И, одевая на заостренную серебрящуюся удочку нового верткого червяка, весело косился на соседа. А сосед вздыхал:

— Этот мальчишка совсем доканал отца Сергия. Отец Сергий ему по библии, а он попросту, да так метко, что накрыл батюшку, как корзиной. Батюшка о Георгии Победоносце, а он о тракторе. Батюшка о Косьме и Дамиане, а он — о шестиполье. Уж, и сукин сын.

Серебряник посмотрел в сторону часовни.

— А теперь говорит наш Гришка, этот все попа-расстригу в пример сует.

Григорий, комсомолец, однолеток лектора-офени, говорил неумело, но горячо и убежденно. И, слушая его, я вспомнил, как на-днях пришел в сельский совет мужик с длинными волосами, круто срубленными на затылке, в потрепанном, нескладно сидевшем на широких плечах, пиджаке и в порыжелых, расползающихся сапогах.

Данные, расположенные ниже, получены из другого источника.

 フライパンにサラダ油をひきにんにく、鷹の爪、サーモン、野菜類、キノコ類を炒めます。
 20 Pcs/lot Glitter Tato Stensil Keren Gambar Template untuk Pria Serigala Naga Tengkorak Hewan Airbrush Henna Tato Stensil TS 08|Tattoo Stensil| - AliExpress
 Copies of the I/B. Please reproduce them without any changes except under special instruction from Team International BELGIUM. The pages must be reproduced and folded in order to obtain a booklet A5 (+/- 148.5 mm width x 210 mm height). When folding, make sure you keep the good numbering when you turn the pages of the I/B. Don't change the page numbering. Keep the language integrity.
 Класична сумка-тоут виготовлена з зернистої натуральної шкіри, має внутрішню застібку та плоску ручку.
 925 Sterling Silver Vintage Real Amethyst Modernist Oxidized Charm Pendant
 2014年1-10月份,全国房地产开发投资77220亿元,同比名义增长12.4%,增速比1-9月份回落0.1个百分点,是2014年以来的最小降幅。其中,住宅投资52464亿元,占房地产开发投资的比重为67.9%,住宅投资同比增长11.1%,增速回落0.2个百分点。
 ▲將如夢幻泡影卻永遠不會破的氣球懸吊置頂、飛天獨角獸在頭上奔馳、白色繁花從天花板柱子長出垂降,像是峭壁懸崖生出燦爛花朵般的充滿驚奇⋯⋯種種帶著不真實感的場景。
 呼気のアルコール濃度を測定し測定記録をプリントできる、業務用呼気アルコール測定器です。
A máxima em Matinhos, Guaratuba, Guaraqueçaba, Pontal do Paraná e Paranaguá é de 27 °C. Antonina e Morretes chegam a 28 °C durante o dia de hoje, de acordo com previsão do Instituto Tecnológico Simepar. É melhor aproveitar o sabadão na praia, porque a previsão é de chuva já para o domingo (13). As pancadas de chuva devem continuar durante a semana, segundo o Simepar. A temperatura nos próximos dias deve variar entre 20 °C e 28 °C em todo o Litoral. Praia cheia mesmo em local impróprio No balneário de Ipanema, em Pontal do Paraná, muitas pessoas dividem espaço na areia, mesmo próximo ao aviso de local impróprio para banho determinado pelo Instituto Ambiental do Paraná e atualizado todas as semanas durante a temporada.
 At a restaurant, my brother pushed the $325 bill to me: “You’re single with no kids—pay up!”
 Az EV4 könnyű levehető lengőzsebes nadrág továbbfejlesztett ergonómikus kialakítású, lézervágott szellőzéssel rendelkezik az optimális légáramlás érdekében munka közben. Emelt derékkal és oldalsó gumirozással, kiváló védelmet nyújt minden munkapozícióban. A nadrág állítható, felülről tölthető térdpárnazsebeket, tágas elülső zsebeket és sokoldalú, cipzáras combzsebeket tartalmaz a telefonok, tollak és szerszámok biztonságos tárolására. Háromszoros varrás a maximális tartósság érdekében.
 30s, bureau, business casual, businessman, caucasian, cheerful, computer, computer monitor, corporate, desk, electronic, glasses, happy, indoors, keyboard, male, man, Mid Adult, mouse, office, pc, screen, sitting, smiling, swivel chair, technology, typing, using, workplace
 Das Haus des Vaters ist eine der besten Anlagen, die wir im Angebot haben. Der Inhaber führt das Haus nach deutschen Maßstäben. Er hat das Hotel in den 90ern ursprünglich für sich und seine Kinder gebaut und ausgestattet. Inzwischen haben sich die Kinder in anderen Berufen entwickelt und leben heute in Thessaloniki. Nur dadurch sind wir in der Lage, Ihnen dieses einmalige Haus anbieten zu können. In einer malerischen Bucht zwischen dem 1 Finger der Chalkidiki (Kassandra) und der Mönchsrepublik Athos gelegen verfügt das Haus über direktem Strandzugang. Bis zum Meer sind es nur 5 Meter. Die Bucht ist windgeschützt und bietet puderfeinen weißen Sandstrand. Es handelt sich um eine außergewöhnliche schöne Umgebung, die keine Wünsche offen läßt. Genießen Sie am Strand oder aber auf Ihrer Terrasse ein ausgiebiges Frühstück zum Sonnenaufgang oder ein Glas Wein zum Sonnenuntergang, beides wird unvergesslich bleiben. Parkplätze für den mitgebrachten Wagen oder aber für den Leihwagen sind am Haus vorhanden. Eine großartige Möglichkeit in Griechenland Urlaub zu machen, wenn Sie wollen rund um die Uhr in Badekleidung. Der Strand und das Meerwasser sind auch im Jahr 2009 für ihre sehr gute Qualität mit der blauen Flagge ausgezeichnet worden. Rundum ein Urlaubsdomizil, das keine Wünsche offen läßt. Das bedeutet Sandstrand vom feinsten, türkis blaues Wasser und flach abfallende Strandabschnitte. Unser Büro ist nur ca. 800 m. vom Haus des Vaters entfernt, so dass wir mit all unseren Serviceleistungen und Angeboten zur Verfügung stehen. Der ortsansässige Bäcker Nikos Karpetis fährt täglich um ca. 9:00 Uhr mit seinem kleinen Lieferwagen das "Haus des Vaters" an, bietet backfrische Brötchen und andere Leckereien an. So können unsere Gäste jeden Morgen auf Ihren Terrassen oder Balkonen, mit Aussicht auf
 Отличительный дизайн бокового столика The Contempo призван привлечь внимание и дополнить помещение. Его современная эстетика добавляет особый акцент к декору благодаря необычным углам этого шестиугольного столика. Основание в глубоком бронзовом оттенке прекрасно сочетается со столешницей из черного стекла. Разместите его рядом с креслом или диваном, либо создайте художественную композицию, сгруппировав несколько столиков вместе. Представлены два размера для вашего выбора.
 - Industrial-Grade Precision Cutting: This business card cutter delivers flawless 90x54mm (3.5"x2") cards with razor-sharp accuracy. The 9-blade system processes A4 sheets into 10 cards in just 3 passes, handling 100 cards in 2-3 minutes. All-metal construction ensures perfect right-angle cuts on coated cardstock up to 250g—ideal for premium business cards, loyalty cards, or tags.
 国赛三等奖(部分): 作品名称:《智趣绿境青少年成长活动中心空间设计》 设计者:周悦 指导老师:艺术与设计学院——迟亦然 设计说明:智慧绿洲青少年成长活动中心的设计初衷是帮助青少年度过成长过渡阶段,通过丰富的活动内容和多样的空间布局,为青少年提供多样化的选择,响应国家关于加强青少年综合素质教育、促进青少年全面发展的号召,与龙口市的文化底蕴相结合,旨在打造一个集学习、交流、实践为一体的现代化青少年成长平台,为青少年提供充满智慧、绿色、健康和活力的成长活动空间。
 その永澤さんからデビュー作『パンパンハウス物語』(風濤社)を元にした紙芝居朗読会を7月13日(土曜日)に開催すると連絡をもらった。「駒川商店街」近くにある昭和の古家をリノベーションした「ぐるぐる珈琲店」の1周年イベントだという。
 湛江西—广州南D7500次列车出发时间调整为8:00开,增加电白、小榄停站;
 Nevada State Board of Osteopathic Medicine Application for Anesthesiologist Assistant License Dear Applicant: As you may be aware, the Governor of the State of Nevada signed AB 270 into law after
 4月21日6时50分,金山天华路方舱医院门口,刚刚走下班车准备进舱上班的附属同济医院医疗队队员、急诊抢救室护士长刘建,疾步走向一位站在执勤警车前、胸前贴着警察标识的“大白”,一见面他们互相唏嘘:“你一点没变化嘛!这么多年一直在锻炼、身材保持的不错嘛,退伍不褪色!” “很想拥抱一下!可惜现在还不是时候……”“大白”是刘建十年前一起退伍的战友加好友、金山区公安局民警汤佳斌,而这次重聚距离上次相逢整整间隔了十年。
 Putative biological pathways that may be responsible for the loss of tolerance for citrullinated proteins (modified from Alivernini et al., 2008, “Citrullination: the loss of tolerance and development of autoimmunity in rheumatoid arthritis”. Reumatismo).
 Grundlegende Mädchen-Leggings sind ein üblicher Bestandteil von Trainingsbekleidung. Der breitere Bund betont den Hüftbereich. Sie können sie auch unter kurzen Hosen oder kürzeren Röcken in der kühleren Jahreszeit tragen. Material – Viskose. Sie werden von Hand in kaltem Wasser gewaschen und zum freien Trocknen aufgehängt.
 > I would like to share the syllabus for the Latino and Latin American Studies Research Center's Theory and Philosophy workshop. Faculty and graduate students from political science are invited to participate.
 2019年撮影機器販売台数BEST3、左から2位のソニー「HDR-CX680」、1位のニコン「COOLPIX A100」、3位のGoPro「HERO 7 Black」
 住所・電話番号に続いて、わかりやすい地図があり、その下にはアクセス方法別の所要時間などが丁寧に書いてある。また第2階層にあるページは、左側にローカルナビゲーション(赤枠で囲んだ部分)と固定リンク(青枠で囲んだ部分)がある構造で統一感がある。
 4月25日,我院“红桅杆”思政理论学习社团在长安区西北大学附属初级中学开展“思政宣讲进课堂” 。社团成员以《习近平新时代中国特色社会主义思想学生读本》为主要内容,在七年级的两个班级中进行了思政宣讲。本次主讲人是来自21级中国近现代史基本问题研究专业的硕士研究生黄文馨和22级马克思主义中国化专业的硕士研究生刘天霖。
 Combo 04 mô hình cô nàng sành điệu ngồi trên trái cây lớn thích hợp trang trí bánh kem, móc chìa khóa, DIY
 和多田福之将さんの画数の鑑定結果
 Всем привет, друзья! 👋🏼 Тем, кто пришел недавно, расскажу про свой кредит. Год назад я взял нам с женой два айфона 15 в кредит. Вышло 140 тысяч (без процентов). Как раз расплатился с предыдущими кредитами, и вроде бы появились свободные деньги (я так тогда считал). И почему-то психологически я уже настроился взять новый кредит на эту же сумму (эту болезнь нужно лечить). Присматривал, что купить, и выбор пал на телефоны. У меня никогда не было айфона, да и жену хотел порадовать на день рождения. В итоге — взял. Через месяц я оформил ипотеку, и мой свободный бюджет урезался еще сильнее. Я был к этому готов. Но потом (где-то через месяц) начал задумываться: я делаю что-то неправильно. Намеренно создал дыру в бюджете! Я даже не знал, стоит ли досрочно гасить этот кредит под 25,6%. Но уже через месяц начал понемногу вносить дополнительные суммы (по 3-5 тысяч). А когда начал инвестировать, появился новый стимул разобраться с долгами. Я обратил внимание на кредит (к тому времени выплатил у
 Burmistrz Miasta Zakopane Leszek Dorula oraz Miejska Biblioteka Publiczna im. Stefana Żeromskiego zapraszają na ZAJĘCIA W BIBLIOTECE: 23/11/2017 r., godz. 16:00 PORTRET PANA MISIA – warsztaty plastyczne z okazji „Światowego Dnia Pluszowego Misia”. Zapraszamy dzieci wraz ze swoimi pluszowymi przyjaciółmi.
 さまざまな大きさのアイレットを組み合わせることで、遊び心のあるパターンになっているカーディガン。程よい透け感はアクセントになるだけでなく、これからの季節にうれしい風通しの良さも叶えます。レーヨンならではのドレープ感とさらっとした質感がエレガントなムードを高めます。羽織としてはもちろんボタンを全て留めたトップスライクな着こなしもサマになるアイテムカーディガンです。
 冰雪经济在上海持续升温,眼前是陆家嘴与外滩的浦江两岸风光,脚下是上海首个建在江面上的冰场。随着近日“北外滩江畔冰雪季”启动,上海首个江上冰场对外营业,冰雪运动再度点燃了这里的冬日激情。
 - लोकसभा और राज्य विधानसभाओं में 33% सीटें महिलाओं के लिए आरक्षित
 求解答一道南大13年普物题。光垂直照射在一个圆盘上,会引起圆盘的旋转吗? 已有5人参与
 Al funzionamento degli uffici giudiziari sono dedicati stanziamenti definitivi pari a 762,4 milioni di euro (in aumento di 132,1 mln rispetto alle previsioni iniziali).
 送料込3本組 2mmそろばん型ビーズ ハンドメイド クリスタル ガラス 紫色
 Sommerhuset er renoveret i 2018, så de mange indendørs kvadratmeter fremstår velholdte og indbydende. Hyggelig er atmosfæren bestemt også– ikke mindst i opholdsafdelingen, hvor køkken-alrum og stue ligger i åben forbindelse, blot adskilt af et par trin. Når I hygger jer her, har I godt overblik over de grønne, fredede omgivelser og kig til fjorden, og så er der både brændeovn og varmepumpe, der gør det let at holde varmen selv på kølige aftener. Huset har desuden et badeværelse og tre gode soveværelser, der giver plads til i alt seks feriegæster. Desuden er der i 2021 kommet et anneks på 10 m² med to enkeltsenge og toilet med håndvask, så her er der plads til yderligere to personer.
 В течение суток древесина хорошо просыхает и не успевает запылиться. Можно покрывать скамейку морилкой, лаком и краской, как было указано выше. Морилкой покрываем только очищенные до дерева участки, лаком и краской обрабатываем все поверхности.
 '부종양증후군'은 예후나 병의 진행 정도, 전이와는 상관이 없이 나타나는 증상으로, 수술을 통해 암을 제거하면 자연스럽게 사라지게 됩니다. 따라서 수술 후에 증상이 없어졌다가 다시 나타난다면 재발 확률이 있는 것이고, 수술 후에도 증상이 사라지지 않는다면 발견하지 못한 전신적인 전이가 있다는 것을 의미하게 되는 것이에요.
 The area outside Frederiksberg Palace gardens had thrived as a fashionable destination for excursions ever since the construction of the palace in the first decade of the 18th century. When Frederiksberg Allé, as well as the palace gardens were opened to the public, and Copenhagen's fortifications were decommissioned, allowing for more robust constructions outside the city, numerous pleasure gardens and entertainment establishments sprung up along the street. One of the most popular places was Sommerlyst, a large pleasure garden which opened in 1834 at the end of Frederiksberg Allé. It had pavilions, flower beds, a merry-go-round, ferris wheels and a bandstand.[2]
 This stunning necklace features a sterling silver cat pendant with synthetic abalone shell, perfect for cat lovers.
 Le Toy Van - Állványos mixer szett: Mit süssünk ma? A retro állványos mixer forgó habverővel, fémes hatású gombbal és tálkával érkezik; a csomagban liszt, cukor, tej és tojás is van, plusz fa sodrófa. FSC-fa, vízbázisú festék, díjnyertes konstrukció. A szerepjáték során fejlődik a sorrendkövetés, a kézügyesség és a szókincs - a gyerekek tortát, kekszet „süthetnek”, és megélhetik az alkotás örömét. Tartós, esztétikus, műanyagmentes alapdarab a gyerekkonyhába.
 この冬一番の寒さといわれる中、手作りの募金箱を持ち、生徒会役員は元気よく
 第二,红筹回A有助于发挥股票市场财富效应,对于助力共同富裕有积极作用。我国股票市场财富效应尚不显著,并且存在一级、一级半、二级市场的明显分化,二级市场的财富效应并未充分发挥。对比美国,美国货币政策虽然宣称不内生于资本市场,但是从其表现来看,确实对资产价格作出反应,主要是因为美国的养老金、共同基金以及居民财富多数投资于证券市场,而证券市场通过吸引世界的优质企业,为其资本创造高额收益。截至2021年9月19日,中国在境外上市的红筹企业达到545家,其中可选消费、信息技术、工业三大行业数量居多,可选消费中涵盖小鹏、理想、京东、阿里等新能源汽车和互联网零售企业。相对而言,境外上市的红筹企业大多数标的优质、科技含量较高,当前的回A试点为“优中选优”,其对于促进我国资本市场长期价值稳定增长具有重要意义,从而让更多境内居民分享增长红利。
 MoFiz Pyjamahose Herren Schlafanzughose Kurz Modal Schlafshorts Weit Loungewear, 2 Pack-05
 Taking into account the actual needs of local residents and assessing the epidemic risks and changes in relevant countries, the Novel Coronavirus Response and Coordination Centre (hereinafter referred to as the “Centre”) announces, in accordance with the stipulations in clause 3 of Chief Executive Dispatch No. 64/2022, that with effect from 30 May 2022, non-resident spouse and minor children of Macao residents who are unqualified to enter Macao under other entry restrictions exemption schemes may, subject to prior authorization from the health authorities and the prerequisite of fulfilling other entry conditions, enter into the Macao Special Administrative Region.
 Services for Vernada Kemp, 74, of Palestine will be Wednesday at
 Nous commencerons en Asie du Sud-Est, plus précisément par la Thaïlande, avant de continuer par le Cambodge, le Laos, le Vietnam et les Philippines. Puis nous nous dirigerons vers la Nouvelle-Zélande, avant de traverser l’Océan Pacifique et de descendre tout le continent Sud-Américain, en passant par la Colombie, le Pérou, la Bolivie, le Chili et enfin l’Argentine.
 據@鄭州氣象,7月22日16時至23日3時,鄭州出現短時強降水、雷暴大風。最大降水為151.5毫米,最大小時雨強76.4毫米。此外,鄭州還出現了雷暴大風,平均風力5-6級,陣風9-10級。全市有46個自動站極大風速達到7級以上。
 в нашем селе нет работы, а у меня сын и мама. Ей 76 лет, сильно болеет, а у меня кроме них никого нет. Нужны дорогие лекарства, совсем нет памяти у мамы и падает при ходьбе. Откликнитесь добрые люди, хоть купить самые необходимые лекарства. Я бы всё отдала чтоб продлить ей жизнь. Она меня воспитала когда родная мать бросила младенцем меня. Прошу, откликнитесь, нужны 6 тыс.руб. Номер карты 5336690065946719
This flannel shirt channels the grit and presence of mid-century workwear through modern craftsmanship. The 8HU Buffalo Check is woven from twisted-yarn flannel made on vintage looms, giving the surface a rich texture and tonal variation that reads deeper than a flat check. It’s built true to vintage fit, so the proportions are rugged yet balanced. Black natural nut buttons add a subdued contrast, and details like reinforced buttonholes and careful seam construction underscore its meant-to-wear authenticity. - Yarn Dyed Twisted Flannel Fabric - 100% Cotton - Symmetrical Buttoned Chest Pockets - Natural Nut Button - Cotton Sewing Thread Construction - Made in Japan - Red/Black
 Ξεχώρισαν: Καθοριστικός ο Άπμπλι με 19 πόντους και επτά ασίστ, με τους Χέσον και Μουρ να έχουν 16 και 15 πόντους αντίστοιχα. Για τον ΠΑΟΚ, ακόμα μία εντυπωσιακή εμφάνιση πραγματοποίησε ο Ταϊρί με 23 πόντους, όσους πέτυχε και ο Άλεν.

Поданная им бумага, заявление об отречении от священнического сана и о выделении ему трудового земельного надела, заканчивалась узорной славянской фразой:

— Дуют ветры с востока, и веют ветры с запада. А глаголемое с амвона есть тлен.

III. ЗОЛОТЫЕ ИМЕНИНЫ

В деревне праздник — дожинки урожая.

Серебряная коса со звоном подрезает последние колосья яровых, на полях все пышнее разбрасывается древнее кочевье снопов. Когда-то, в славянскую старину, на этих же полях, последний сжатый сноп называли «именинником», одевали его в сарафан, затканный алыми маками, по сарафану заплетали широкие ленты, сохраненные с Троицына дня, а на его возглавие, снизу украшенное блистающими монистами, клали кокошник, подобный подсолнечнику, с расписной ниспадающей бахромой. Вокруг снопа водили хороводы, пели величальные песни, а потом, высоко вознося «именинника», несли его в деревню. В деревне встречали его с поклонами и честью и угощали принесших свежим, только что выпеченным хлебом. Хлеб подавали на широком деревянном блюде, перевитом прохладным, чистым рушником, — по краям рушника сыпались крупные цветы, вышитые первой деревенской красавицей. И опять пели протяжно-величавые песни о наливном зерне, сравнивая его с морским жемчугом, и опять вели язычески-радостные хороводы.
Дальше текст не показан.